El 7 de octubre de 2011 fue un viernes mágico.
Andaba empeñado en la enésima reorganización de la «jungla»; es decir, de los archivos.
Y, de pronto, fui a descubrir una serie de diapositivas.
Las contemplé, perplejo.
Habían sido tomadas en los años setenta, en México.
En ellas se veía a un anciano. Yo le interrogaba, grabadora en mano.
Pero no recordé el nombre del personaje.
En los marcos de las diapositivas no figura anotación alguna.
Sabía que las imágenes fueron tomadas en la ciudad de Cuernavaca, en la casa de un escritor e investigador. Y sabía que aquel hombre había hablado de una cuarta humanidad, capaz de volar, y de llevar a cabo obras titánicas, sólo detectables desde el cielo. El investigador en cuestión aseguraba que esa cuarta humanidad se extinguió hace ocho mil años. Y habló también de nuestra civilización —la llamaba la quinta humanidad— y de cómo desaparecería en el siglo XXI…

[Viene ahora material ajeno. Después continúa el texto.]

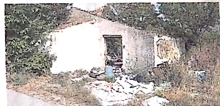
Une vision peu engageante, au bord du chemin.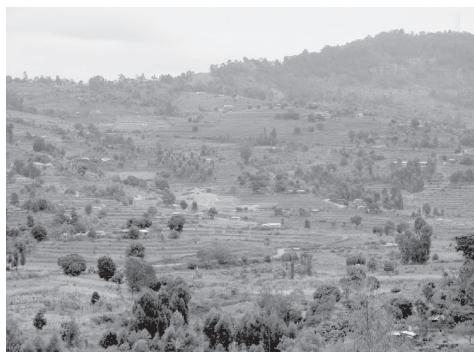
調査のンボオニ地区 (左) と世帯調査で訪れた家 (右)

本調査は、ケニアのマクエニ県でも西寄りに位置するンボオニ地区で、無償化政策導入前後の 2007 年と 2008 年に、初等修了者を追跡することで行われた。ンボオニ地区は、首都ナイロビから南東方向へ車で 3～4 時間ぐらいの山間にある村落地域である。半乾燥地帯ではあるが、標高約 1000 メートル前後の高所に位置しているため、同県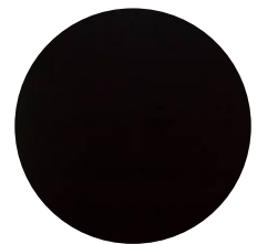
ALUMINIO NEGRO EN VENTANAS Y CLAROS Y ANDES.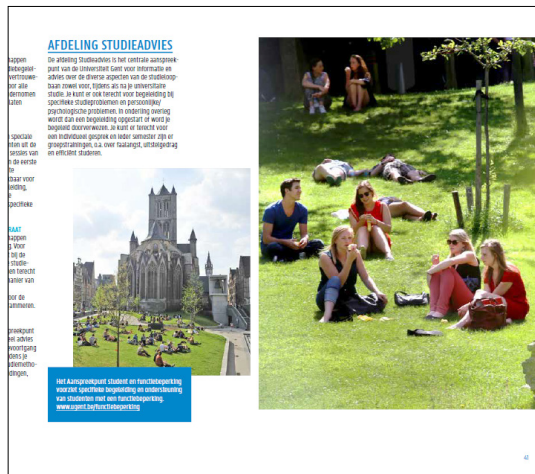
voorbeelden van plaatsing losse foto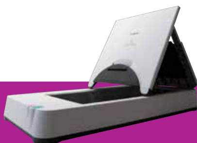
Glace d'exposition A4 Flatbed 201

Bénéficiez d'une qualité d'image irréprochable avec Kofax VRS. La numérisation devient plus simple grâce à sa capacité de traitement d'image et de gestion automatique des documents. La qualité d'image obtenue, inégalable sur le marché, améliore la lisibilité et augmente la capacité de reconnaissance optique de caractères (OCR).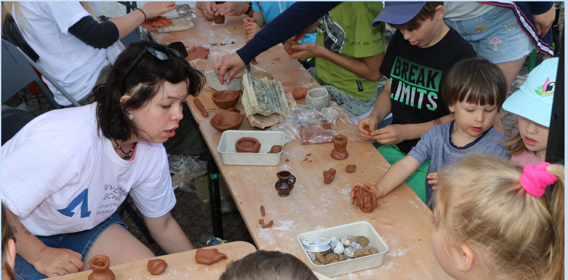
Najmłodsi mogli rozwijać kreatywność poprzez zabawę z gliną.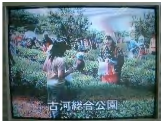
▲「地域社会の再生」の事例として「お茶つみ体験教室（開催／5月12日）」を紹介。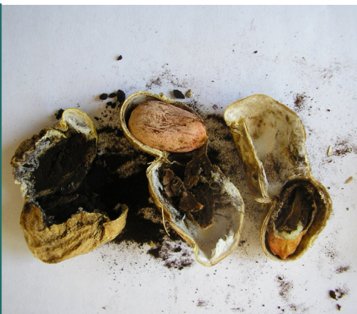
Síntomas de Carbón en maní

EL CONTROL MÁS EFICIENTE DE LAS ENFERMEDADES DEL SUELO ES LA PREVENCIÓN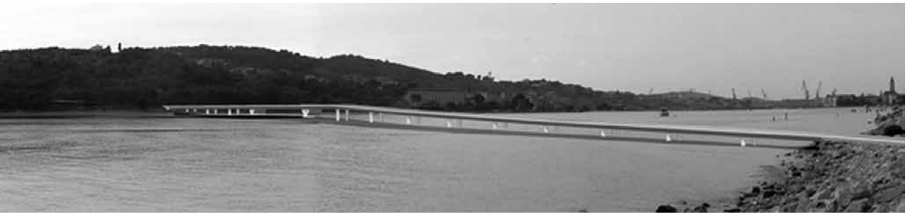
10. Most kopno–otok Čiovo

Pensé y pensé, pero fue inútil. No daba con el nombre del entrevistado.
Podía consultar los cuadernos de campo pero, al no disponer de la fecha en la que llevé a cabo la entrevista, la labor se me antojó casi faraónica.
Ése no era el camino…
Y recordé igualmente que, poco antes de mi visita a Cuernavaca, Ariel Rosales, entonces director de la revista Contactos extraterrestres, en México, había publicado un largo reportaje sobre la obra del investigador cuyo nombre se borró de la memoria.
Era una pista…
Si daba con el reportaje, el problema quedaba resuelto.
Yo tenía la colección completa de Contactos extraterrestres.
Y me encaminé, decidido, hacia la estantería en la que dormía la referida revista «catorcenal».
Tomé la pequeña escalera y me situé frente a los volúmenes, perfectamente encuadernados.

Portada de la revista Contactos extraterrestres (21-12-1977). (Archivo de J. J. Benítez).
Volví a desmoralizarme.
Frente a mí se presentaron quince tomos, con un total de 13 500 páginas (!).
Era como buscar una aguja en un pajar… Necesitaba días.
Y a punto estaba de abandonar cuando oí aquel susurro.
Era una voz interior, muy familiar para mí.
—Echa mano de un volumen —insinuó—. No importa cuál.
En lo alto de la escalera, desconcertado, no supe qué hacer.
Como digo, yo conocía esa «voz», y desde hacía mucho…
—Pero —repliqué—, es imposible…
Escuché una risita. Y la voz insistió:
—Alarga la mano… Es fácil… Incluso tú puedes hacerlo.
—Son más de trece mil páginas —me defendí—. Nadie podría…
Oí nuevas risitas.
—¿Qué pierdes con intentarlo?
—Nada —respondí—, pero me asustas…
—Sólo quiero hacerte un favor.
Cierto.
Y extendí la mano, extrayendo un tomo, al azar (?).
Y allí mismo, sobre la pequeña y no menos sorprendida escalera, hojeé el volumen.
Calculo que no discurrieron ni siete minutos.
De pronto, al pasar una de las páginas, lo vi.
Casi caí de la escalera.
¡Imposible! —me dije—. ¡Imposible!
¡Allí estaba el reportaje que buscaba!
Se trataba del número correspondiente al 21 de diciembre de 1977.
¡Dios de los cielos!
El investigador se llamaba Daniel Ruzo[42].
Y al bajar de la escalera miré en mi interior y di las gracias.
Entonces volví a escuchar aquella risita…

Daniel Ruzo, entrevistado por J. J. Benítez en la ciudad mexicana de Cuernavaca.